“My leg snapped and my bone started protruding out of my skin,” said Alyson Kruetzer as she recovers from surgery at Swedish Medical Center in Englewood.
Kruetzer and two friends had reached the summit late Saturday morning. With her climbing partner, Prakash Manley, Kruetzer was headed back down when she slipped around 1 p.m. on ice and fractured her left femur.
“I just screamed for a long time because the pain was so intense,” she recalled.
What started out as a windy but blue sky day suddenly began to turn stormy. Manley could see Kruetzer was becoming hypothermic. At great sacrifice, he shed most of his winter clothing to keep the injured woman from freezing to death.

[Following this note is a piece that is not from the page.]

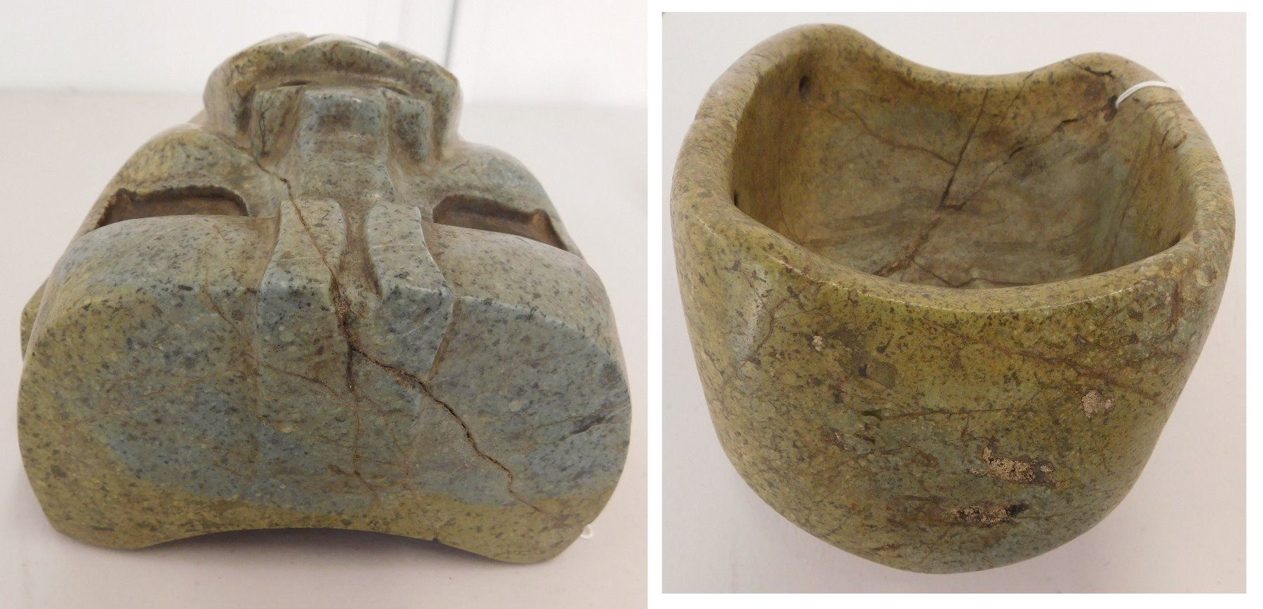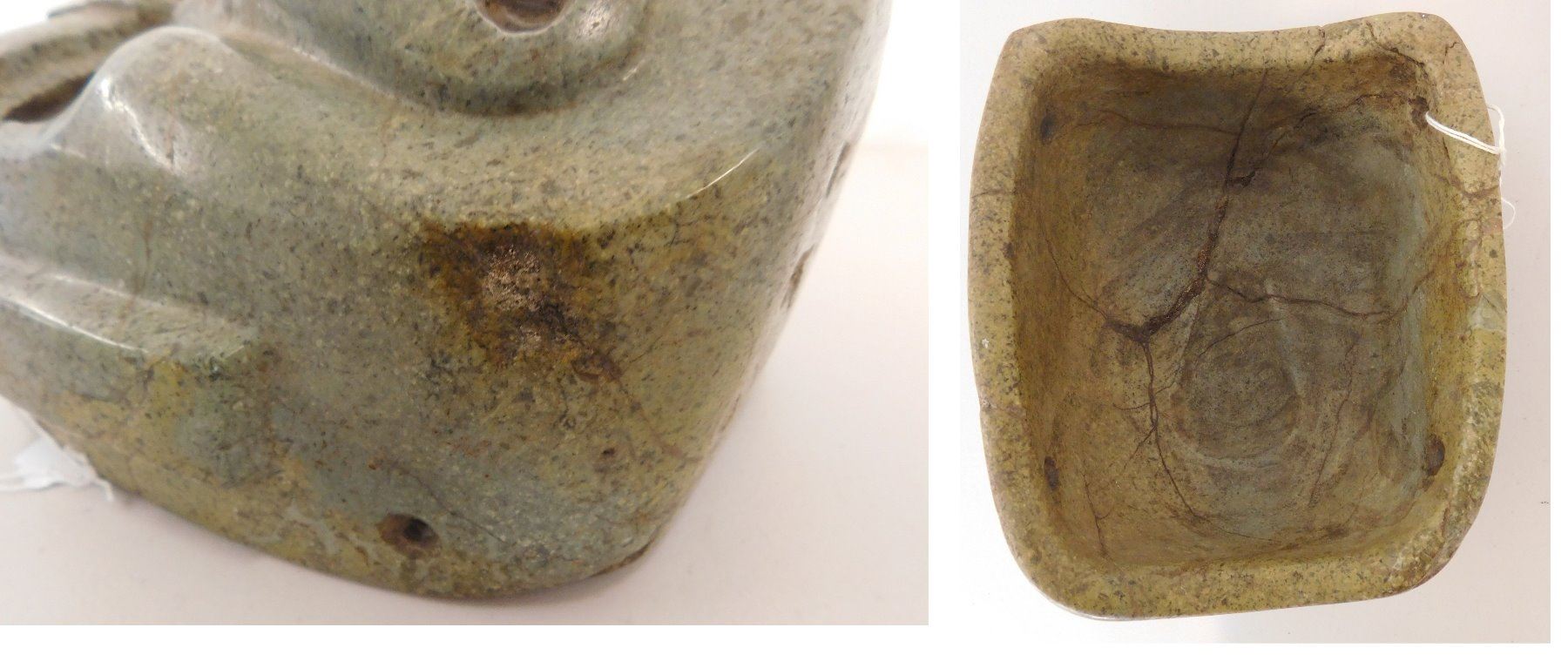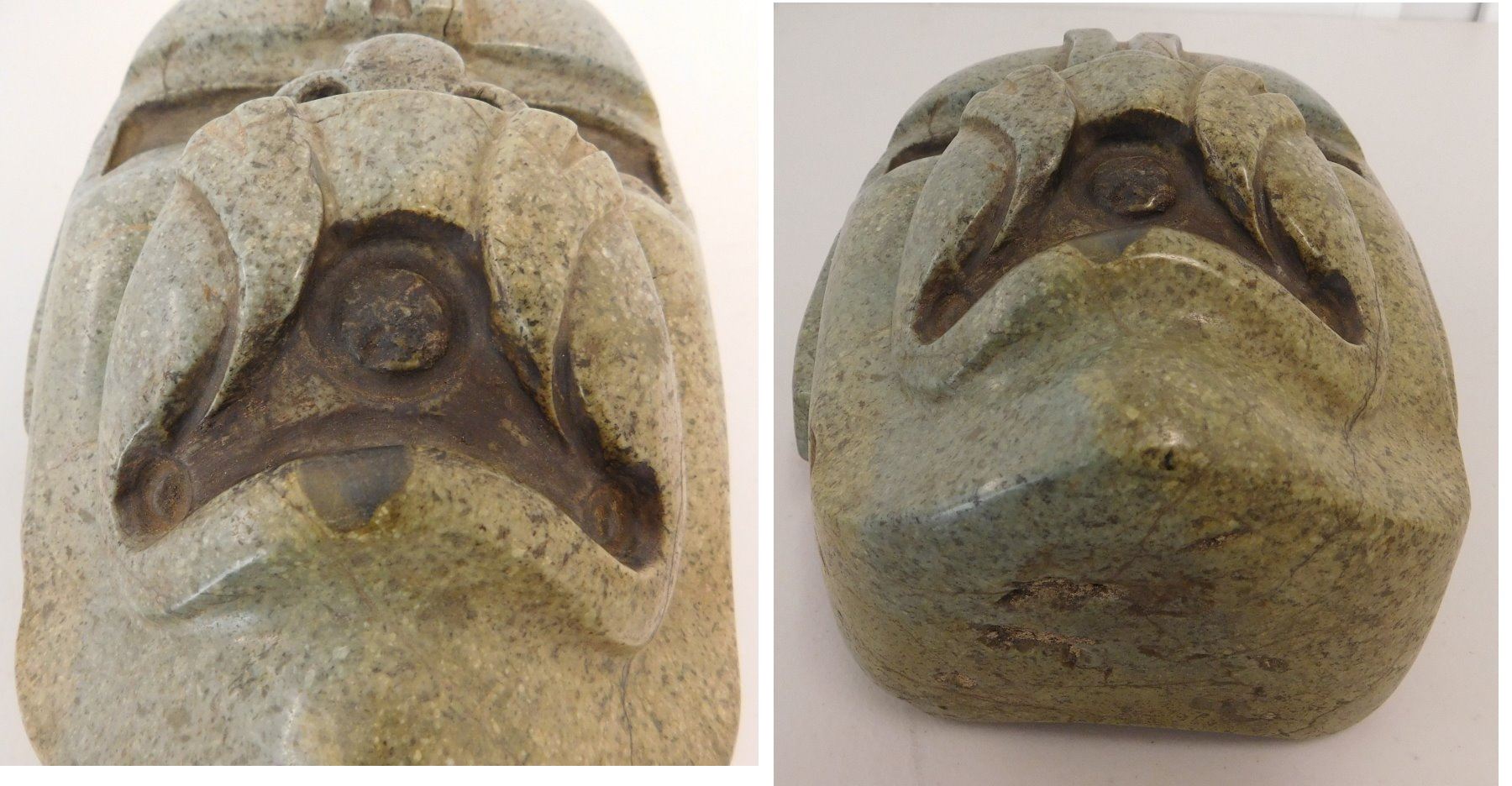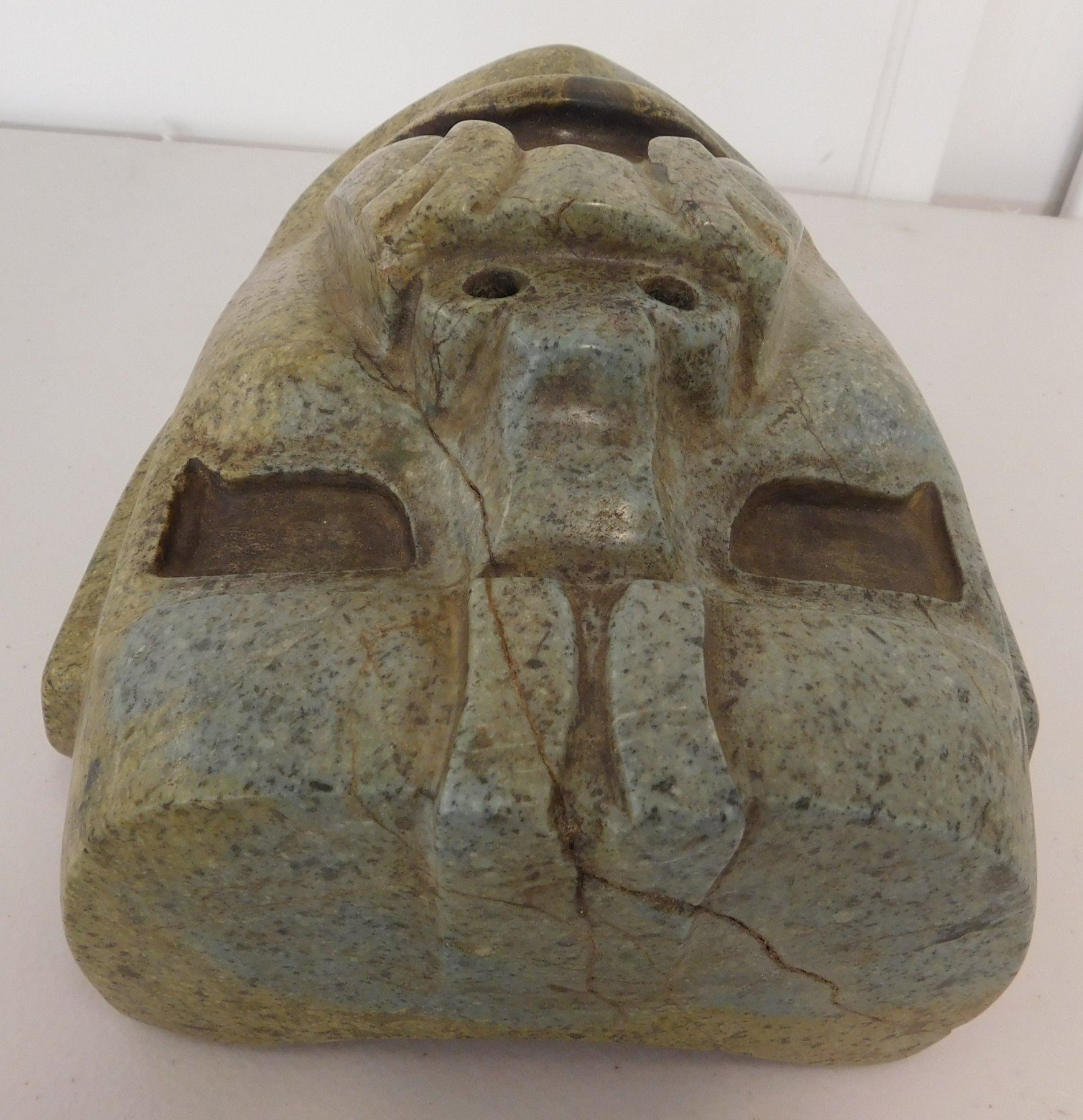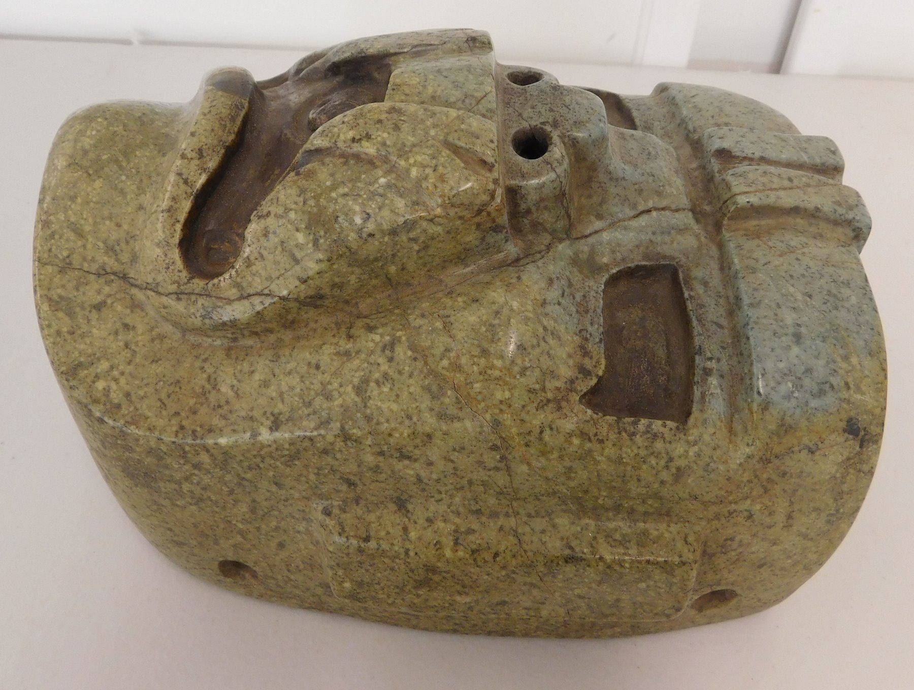 Olmec Jaguar Transformation Mask w/John Jordan COA, pre-Columbian item. Made of jadeite, the item measures approx. 7 7/8" x 8 1/2" x 5". Olmec, Veracruz, Mexico. Large, heavy mask with fangs. From an old, 1960s California collection. John R. Jordan Certificate of Authenticity. Condition: Good, as found, see images. Shipping: $80.00 USA estimate only, USPS Registered Mail, w/insurance and signature, double-boxed.

“He saved my life,” she said.
Darkness closed in and the pair found themselves huddled in near white-out conditions. Luckily, Kruetzer had earlier been able to use her cell phone to alert a friend of her situation. So help was on the way but the two experienced mountaineers knew it would take several hours.
After an unsuccessful Flight For Life Effort (watch video report below) a massive ground rescue effort was mobilized, including Park County Search & Rescue, Alpine Rescue Team, Rocky Mountain Rescue Group, Douglas, El Paso, and Summit Counties as well as Platte Canyon Fire. But it was slow going in the dark; team members had to hike through several miles of blinding snow.
“Search and Rescue couldn’t find us,” she remembered.
Kruetzer says “J.B” — her faithful black Labrador retriever who’d joined her on the hike — was the one who helped save the day.
“When my dog saw the lights like a mile away, he just started barking and that’s how I think they found us.”
The journey down off the mountain was a painful, agonizing experience. She said the only way to successfully transport her over the steepest section was to drag her in what she describes as basically an “inflatable body bag.” From the time she broke her leg to when she finally reached the trailhead and a waiting ambulance was 14 hours.
Interviewed Monday by CBS4 from her hospital bed, she gave thanks and praise to her rescuers and her climbing partner as well as her dog.
A self-described veteran of numerous ascents on all of Colorado’s highest mountain peaks, Kruetzer told CBS4 she’s survived much worse and, until now, never been seriously hurt.
She hopes to get out of the hospital sometime later this week.
Will this brush with death keep her from climbing in the high country?
“Absolutely not,” she said. “Mountains are my passion and I will go back.”